> What you have to do
All lines from the one holding "检测完成分配对应区域之后,系" to the end of the listing are to be output exactly, both ends included, with any pictures left out.

> Collected material
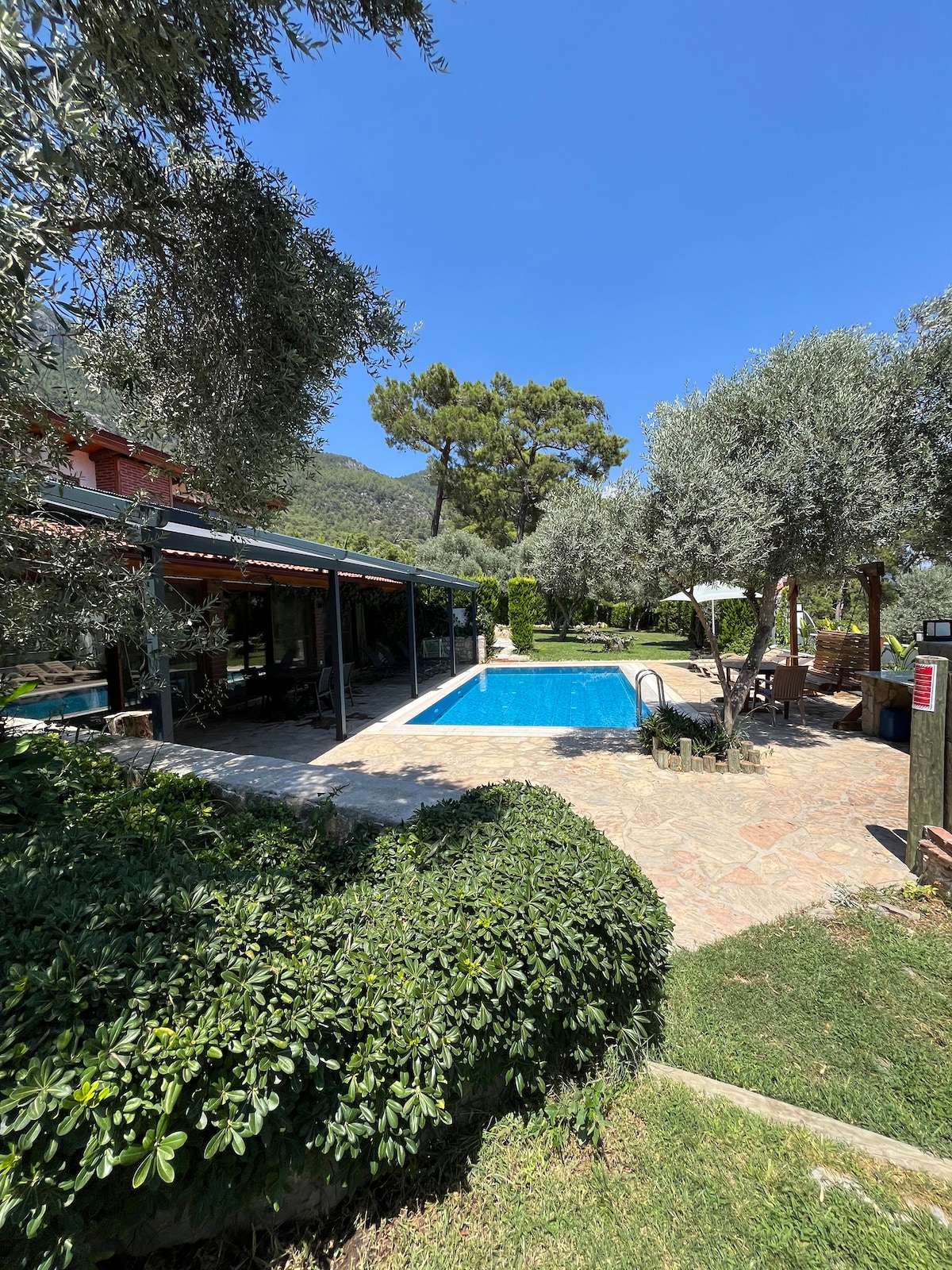 Çocuk dahil maksimum 6 kişilik olan villamız aynı zamanda pati dostudur. Gökova'nın muhteşem florasına yukarıdan bakış Gündoğumu,solda çam ağaçlarından başlayıp günbatımını Gökova denizinde bitiriyorsunuz .Çamların arasında doğa içinde eşsiz sakinlik ve huzur.Size özel havuzunuza girip terasında tüm gün huzurlu vakit geçirmek için ideal 1600 m2 portakal,limon incir ağaçları içerisinde kocaman bahçeli özel ev.Üstte orman yolunda doğa yürüyüşü yapabilirsiniz.
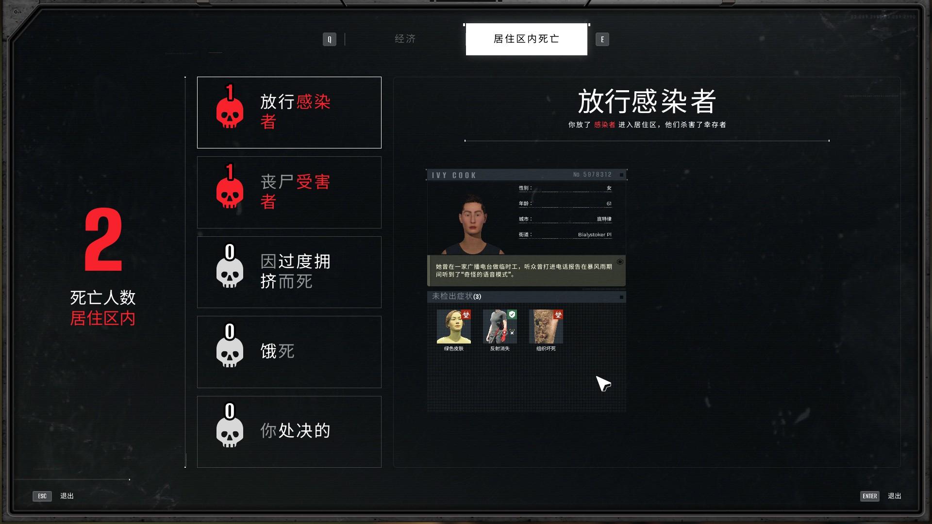 检测完成分配对应区域之后,系统会对本次检测打分,前期检测手段不多的时候,很容易获得合格和优秀评价,但是后期检测内容多了之后,患者的症状变得不明显了,想要拿到合格评价都变得比较困难了,有时候各项检测都仔细做了,全身上下也都扫描,自以为做的很完美了,但是却给了一个糟糕的检查,就挺迷惑的。就个人游玩和评论来看,似乎更像是BUG,比如笔者就曾经放一个无症状的感染者进了居住区,但是仔细一看症状有”绿色皮肤“,但是检测时是褐色皮肤,根本没有绿色特征。
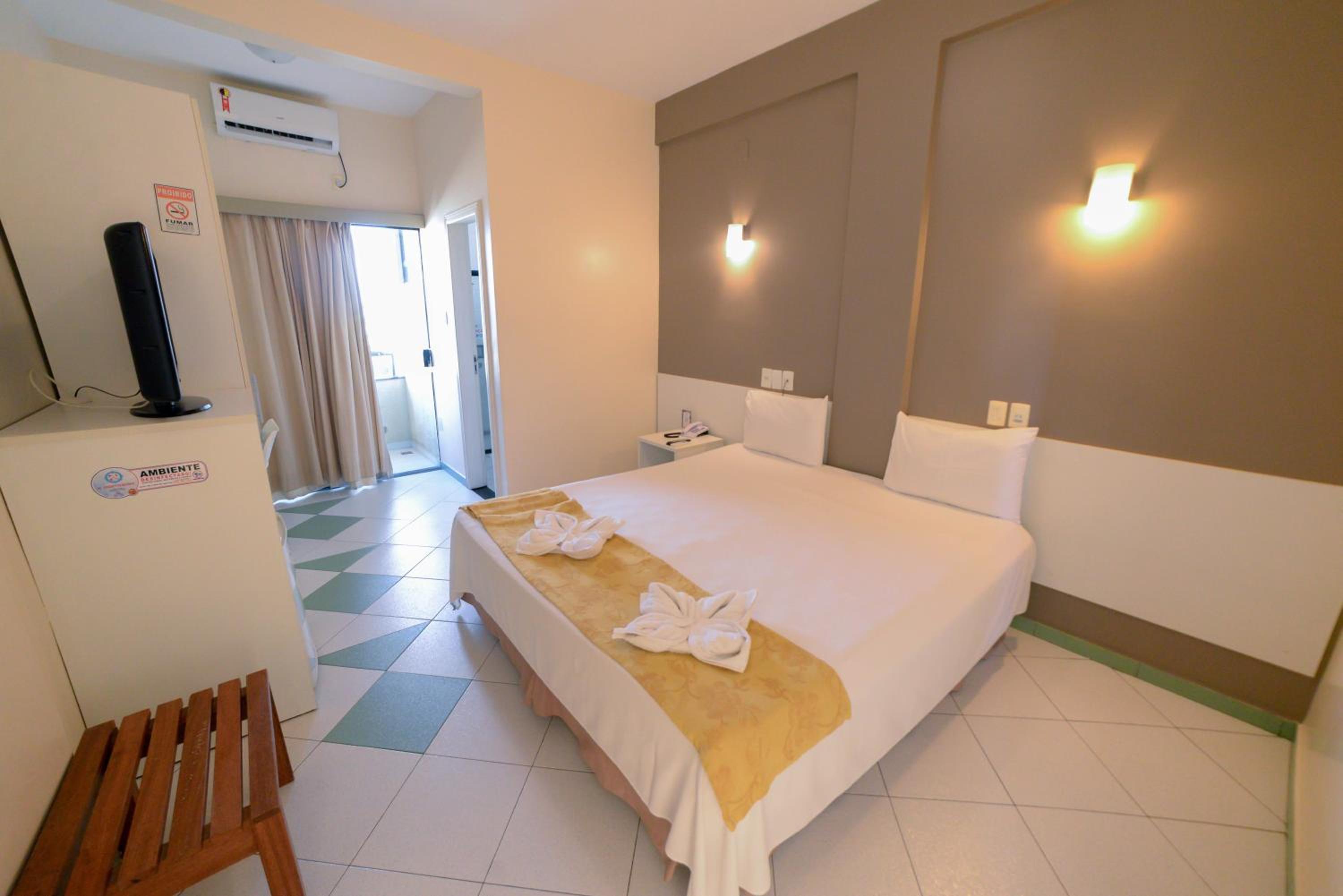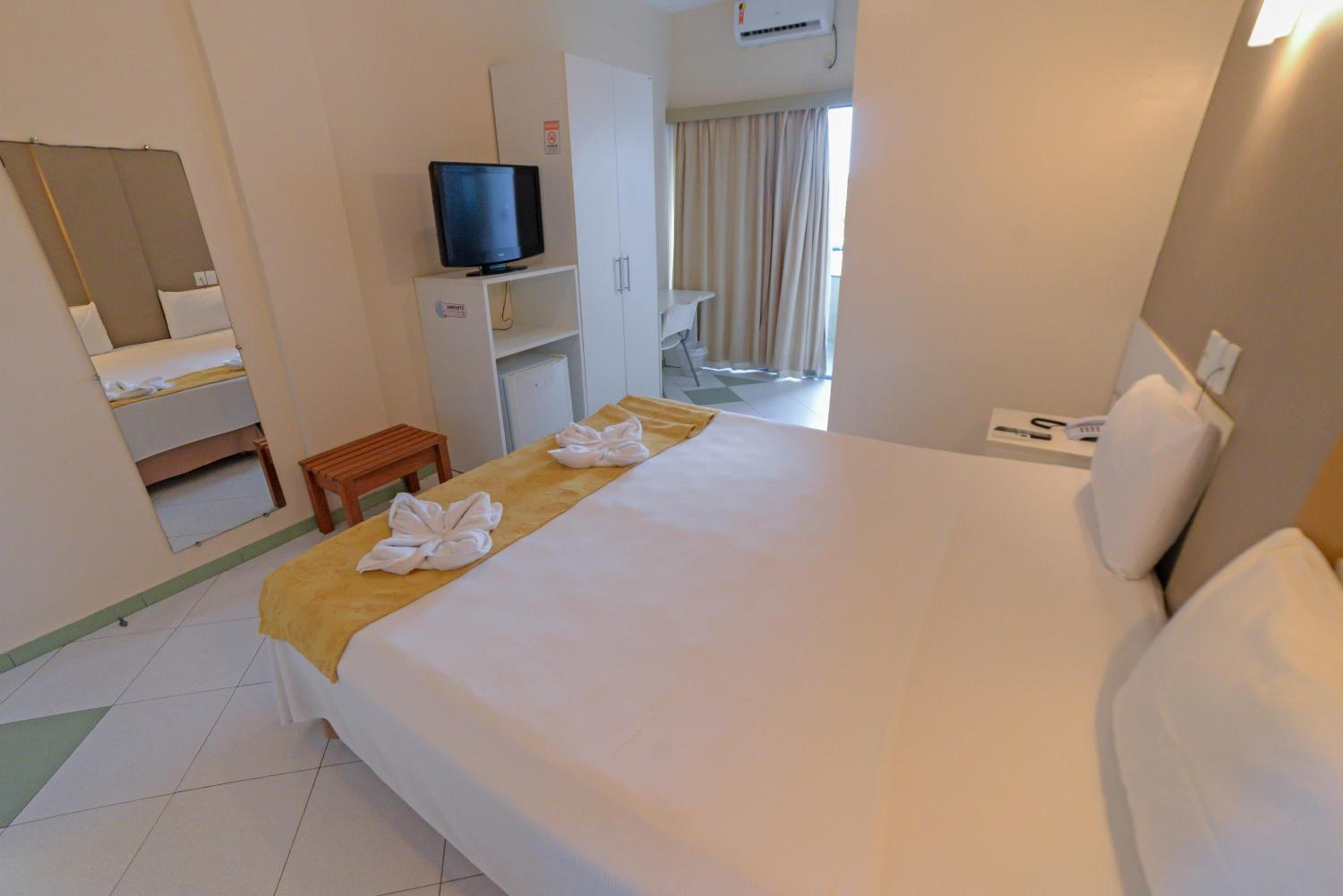 Comfortable Rooms: The bright and beautifully decorated rooms at Sandrin Praia Hotel offer modern amenities such as a flat-screen TV, minibar, and work desk for your convenience. The private bathroom with a hot shower adds a touch of luxury to your stay.

> Reply to the task
 检测完成分配对应区域之后,系统会对本次检测打分,前期检测手段不多的时候,很容易获得合格和优秀评价,但是后期检测内容多了之后,患者的症状变得不明显了,想要拿到合格评价都变得比较困难了,有时候各项检测都仔细做了,全身上下也都扫描,自以为做的很完美了,但是却给了一个糟糕的检查,就挺迷惑的。就个人游玩和评论来看,似乎更像是BUG,比如笔者就曾经放一个无症状的感染者进了居住区,但是仔细一看症状有”绿色皮肤“,但是检测时是褐色皮肤,根本没有绿色特征。
 Comfortable Rooms: The bright and beautifully decorated rooms at Sandrin Praia Hotel offer modern amenities such as a flat-screen TV, minibar, and work desk for your convenience. The private bathroom with a hot shower adds a touch of luxury to your stay.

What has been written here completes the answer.